The best illuminated places within 1° angular distance from the Southpole are:
The rim of the Shackleton crater, highlighted as “S”-area by Glaeser et al. and the mountain ridge between the Gerlache crater and Shackleton crater highlighted as “C1” area and “ C2” area by Glaeser et al.

Northpole H0 region.
The best-illuminated places within 1° angular distance from the Northpole are on the rims of the Whipple crater and the Hinshelwood crater, as well as on the ridge between these two craters. Within this mountain range, Glaeser et al. (2018) suggested three well-illuminated zones, the H, P and W areas.

Habitat structure
The concept behind our design is to use natural sunlight for greenhouses where food and oxygen will be produced self-sufficiently and sustainably. In addition, drinkable water can be gained from condensation of water vapor and fruits. Organic waste is recycled in a natural way as well inside the greenhouse. 120m2 of greenhouse area are required to produce enough food for one human und optimal conditions.

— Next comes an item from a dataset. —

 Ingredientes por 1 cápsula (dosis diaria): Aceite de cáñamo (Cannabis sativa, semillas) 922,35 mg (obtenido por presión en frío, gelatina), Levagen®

For one greenhouse unit the horizontally arriving sunlight is reflected vertically down into a small artificial crater, the central opening of a toroidal greenhouse structure. The reflector is an oval mirror membrane installed on a light truss frame tower. Another mirror with a conical shape reflects the sunlight laterally into the greenhouse areas. One greenhouse unit can feed two crewmembers, so a permanent habitat should consist of at least four greenhouse units, with the potential
to be extended later on. Several greenhouses are connected by modular tunnel elements, and other rooms and facilities are attached to the greenhouses.

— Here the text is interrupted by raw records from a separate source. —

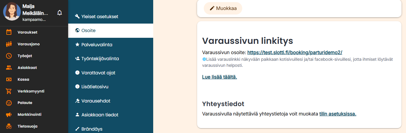 Voit lisätä varaussivun osoitteen Facebook-sivullesi. Lue tarkemmat ohjeet täältä.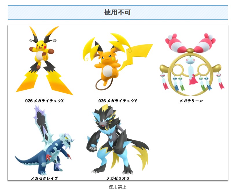 禁止使用:追加 DLC「超次元爆湧(M次元ラッシュ)」中新登場的超級進化寶可夢無法使用。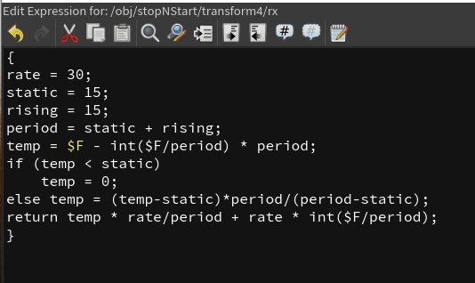 Suppose we call the frame range where it is horizontal static and the sloped part rising. It can be determined that this graph can be created using the following code — either a point wrangle or hscript as pictured below — to achieve the animation seen in the gif. The variable rate is how many degrees it spins during the sloped phase. In this example, 15 frames are static and 15 frames are rising. The reason both are set to 15 is because of the speed of the mechanism coming down with the cookie layers.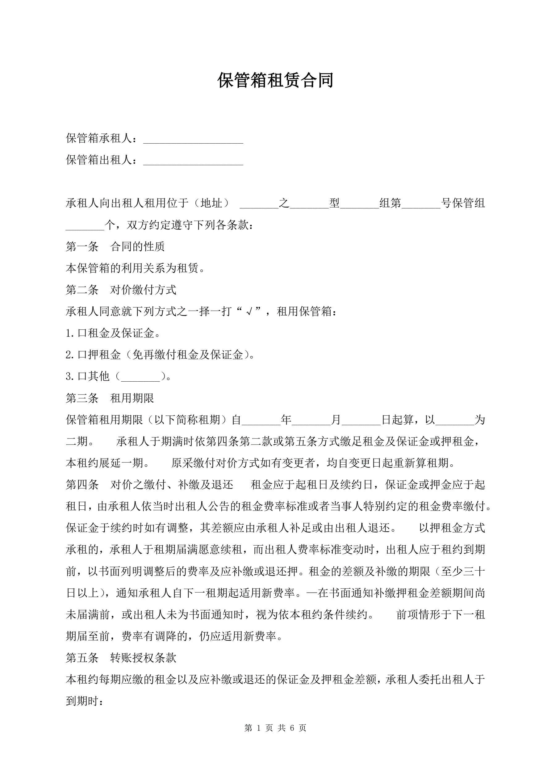 合同名称:保管箱租赁合同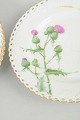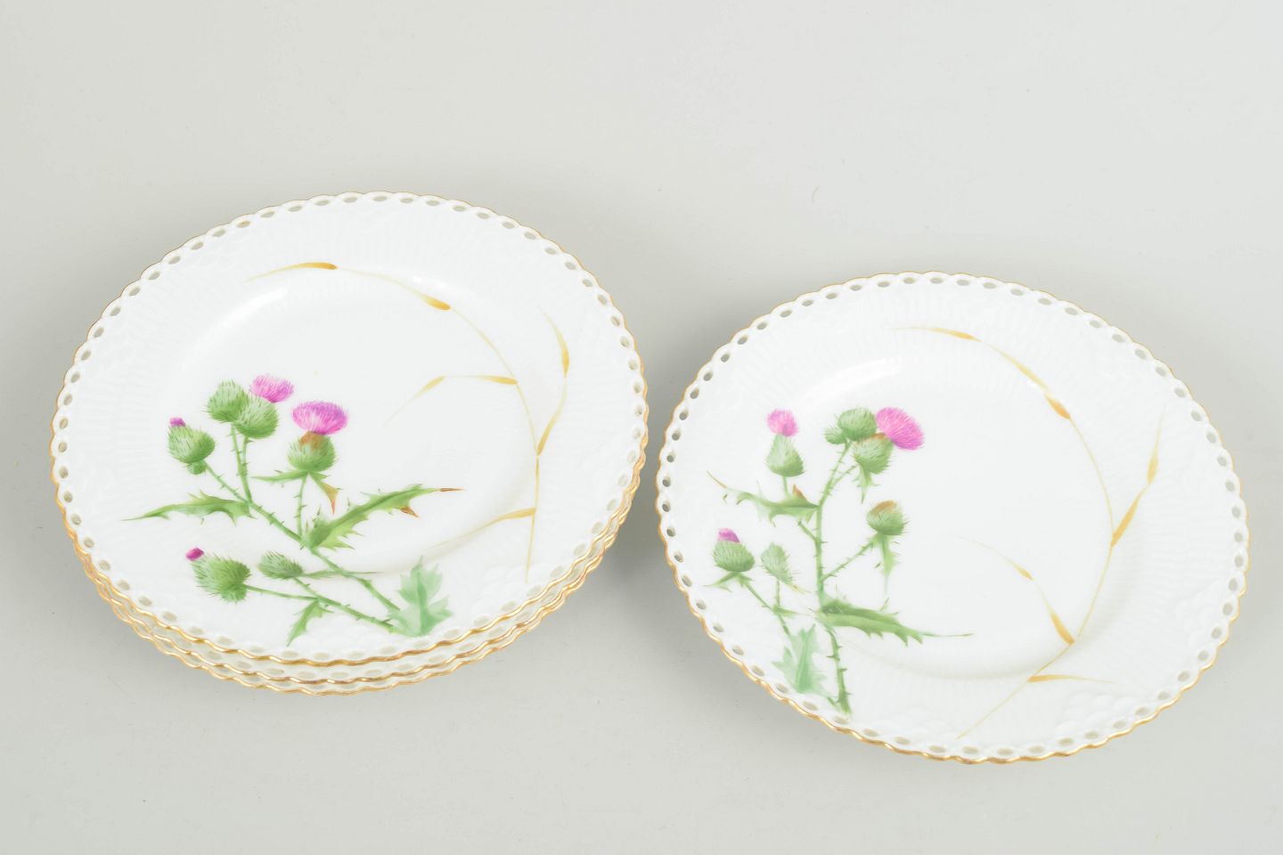Håndmalede porcelænstallerkener med gennembrudt rand og naturalistisk dekoration med tidselmotiv. Udført med fine farvenuancer og diskrete forgyldninger, karakteristisk for Royal Copenhagens produktion i det 19. århundrede.

Each mirror casts shadows on other mirrors. The more distance we keep between the mirrors, the shorter the period of one mirror casting shadow on the others, while the Moon rotates w.r.t. the Sun within a 29.3 days synodic lunar cycle.

However, as the distances between the mirrors grow, the required length of the tunnel system connecting the greenhouses is increasing too. Void area between the greenhouses is wasted place and more regolith needs to be moved by excavators. Since the sunlight comes in an almost horizontal angle and there is no atmosphere scattering the light, the shadow casts are almost infinitely long. Therefore, we had to find an arrangement of mirrors in a way, that they cast as little shadow as possible on each other, but still use the land area efficiently.

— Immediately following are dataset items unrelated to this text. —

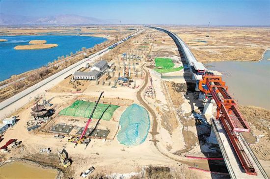 3月6日,包銀鐵路石嘴山特大橋正在加緊建設。該橋全長39公里,共采用預制箱梁602榀,預計7月中旬全部架設完成。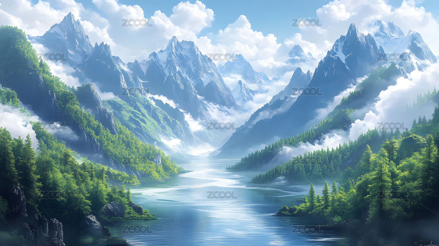 国风山川河流插画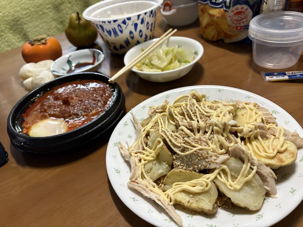 オートミールとレンジで温めたじゃがいもと鶏むね肉。
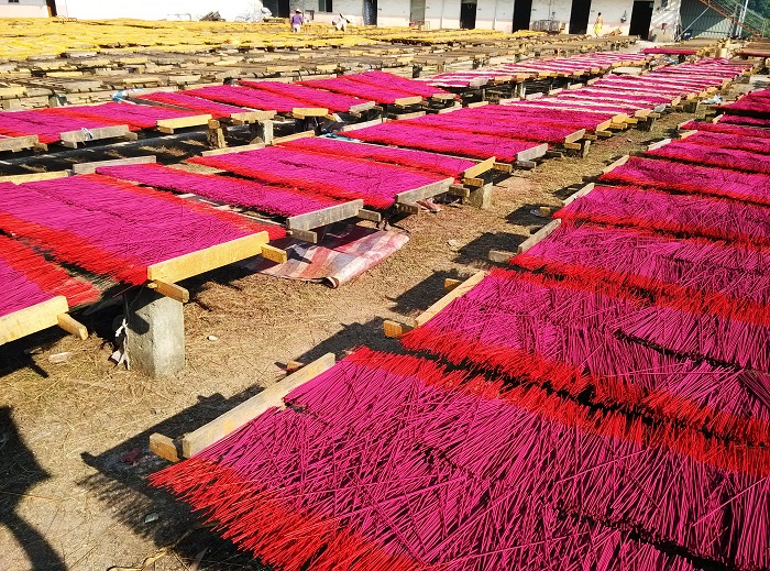 在与彬达相近的香品参观后,实践队更着重参观了兴隆的制香厂房。传统的制篾香手工艺,需经历过水、搓黏粉、打底浸水、展香、抡香、晒香、染香脚、晒香脚等繁琐工序,环环紧扣。如今制香虽不如古法制香那么繁复,但依旧有众多工序,单是挑拣竹签次品的房间,就有四位工人在快速工作。接下来香泥被运到各类车间,有的被转成盘香,有的被制成线香,有的像面条一样,被直接切成无签香,置于隔板中风干。而阳光充足的室外,则有成片的晾晒场,解说员解释说,无签香因为没有固定形状的竹签,所以不能暴晒,否则可能会弯曲断裂。晾晒场也有数名工作人员,有的在将一捆捆线香铺展开来,有的在用染料为线香尾部的竹签上色。无论走到何处,空气中都萦绕着浓郁而不刺激的香味。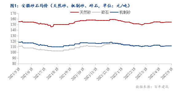 據百年建筑網統計,截至5月18日,安徽砂石均價125.89元/噸,其中天然砂中砂報154.33元/噸,周環比持平;機制砂中砂報111.67元/噸,周環比持平;16-25mm碎石報111.67元/噸,周環比持平。5月16日24時油價再次上調,砂石運輸成本增加,但是之前受到疫情影響,砂石廠家庫存高位,很多砂石老板還是以穩價心態為主,整體安徽砂石價格還是以持穩為主。

For this purpose, we analyzed different geometric arrangements:

  • Square grid and triangular grid arrangement
  • Cross-shaped arrangement
  • Y-shaped linear arrangement
  • One dimensional single row linear arrangement

Not much surprisingly, we found out that a single row linear arrangement mentioned above as the last item causes the shortest shadow periods independent of how many units are added to the row. In that constellation, it only happens twice a month that mirrors cast shadows on each other.

To use the land and tunnel system more efficiently, we will provide two parallel rows with mirrors in different heights. In our nominal design, the mirror centers are chosen in a height of 10m and 20m, respectively, where much of the shadows cast by the natural landscape have disappeared (see the plots shown in the Appendix). Since only objects on the same height level can cast shadows to each other when illuminated from a horizontal direction, these two rows have no effect on each other.

The linear row can be bent a bit, in order to better adapt to the terrain, without increasing the shadowing periods significantly.

It is important, that sunlight is available consistently with short breaks only, to provide good growth of plants and production of oxygen inside the greenhouses and to produce photovoltaic electricity that does not require large batteries for storage over dark periods. Photovoltaic modules that are not operating efficiently and large batteries cause unnecessary payload.

Without sunlight a habitat would be dependent on nuclear reactors only. But the direct use of sunlight for photosynthesis is always preferable, since it is a free gift by nature and causes less payload than nuclear reactors.